適取機構・空き家対策でセミナー 「街づくりの在り方」重要に 地域との連携などで成功事例
住宅新報 2015年2月24日 号 5面

空き家対策をテーマとしたセミナーに多くの人が参加した
不動産適正取引推進機構は2月20日、昨今急増している「空き家」をテーマにした講演会を住宅金融支援機構内の「すまい・るホール」で開催した。講師は、富士通総研経済研究所上席主任研究員の米山秀隆氏が務めた。
最新の統計数字である「13.5%」という空き家率が、欧米と比較して高い割合となっている理由について同氏は、「根本的には街づくりの在り方に起因する」と指摘。欧米では住宅を建ててよい場所とそうでない場所を明確に定めた歴史があるが、日本は戦後の住宅不足解消のため明確な線引きがないまま街づくりが進み、今ある線引きも事後的なものだったとし、「今後の人口減少を考えると、この街づくりの在り方をしっかり定めなければ、空き家の根本的な解決にはならない」とした。
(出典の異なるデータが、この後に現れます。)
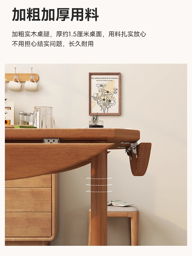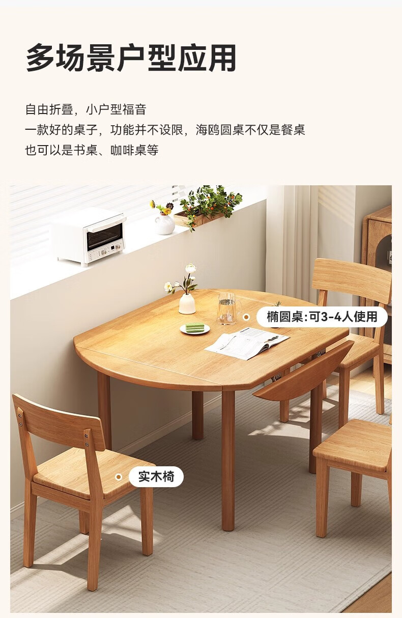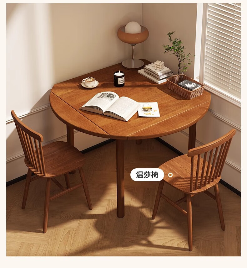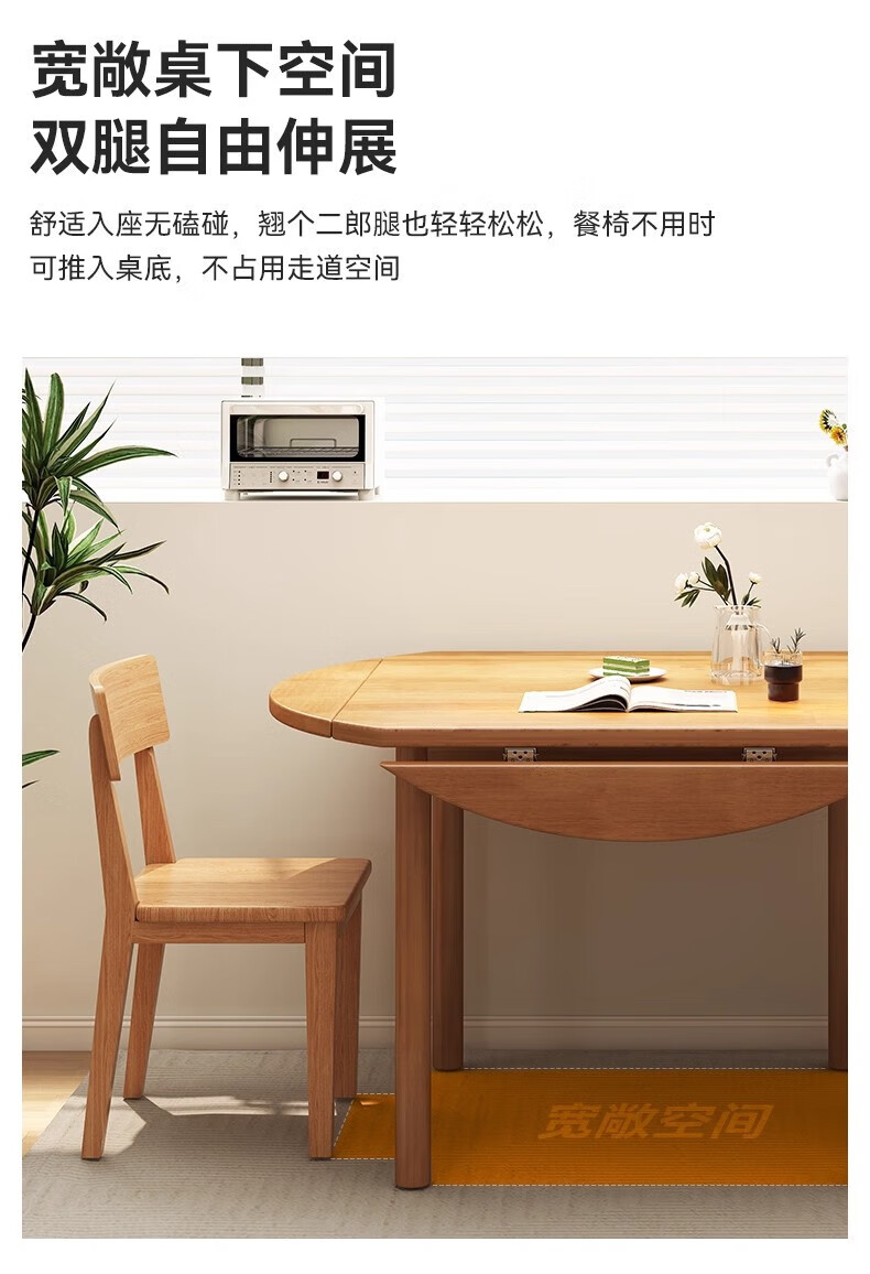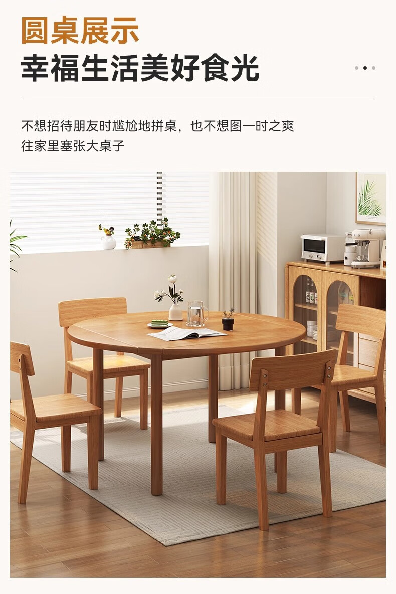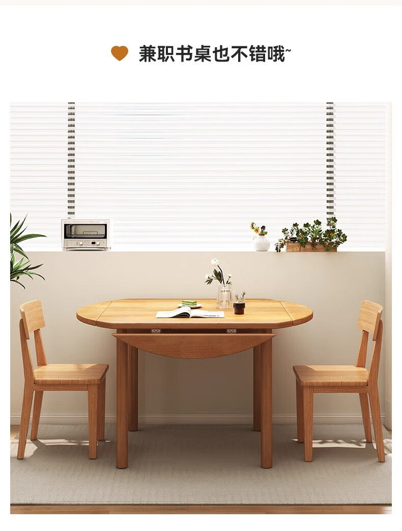 Solid wood folding dining table for small apartments, square table to round table, round square, multi-functional telescopic dining table, four-season island sideboard, solid wood color 80*80*95CM

なお、イギリスの空き家率は3~4%となっている。
また、各自治体が取り組んでいる独自の空き家対策や、2月26日から一部施行される空家対策特別措置法の内容を説明したほか、全国で取り組みが進んでいる「空き家バンク」について、実績がある地域とそうでない地域の差を紹介。「地元不動産会社などとの提携」「推進協議会の設置」「移住・交流者の生活支援などを行う地元サポーターの設置」「地元住民・各種団体の意識啓発」などに取り組む地域は実績が上がっているとし、「大変で面倒なことだが、単に広報誌やホームページで紹介するだけでなく、地元企業や住民と一緒になって取り組む姿勢が必要」と語った。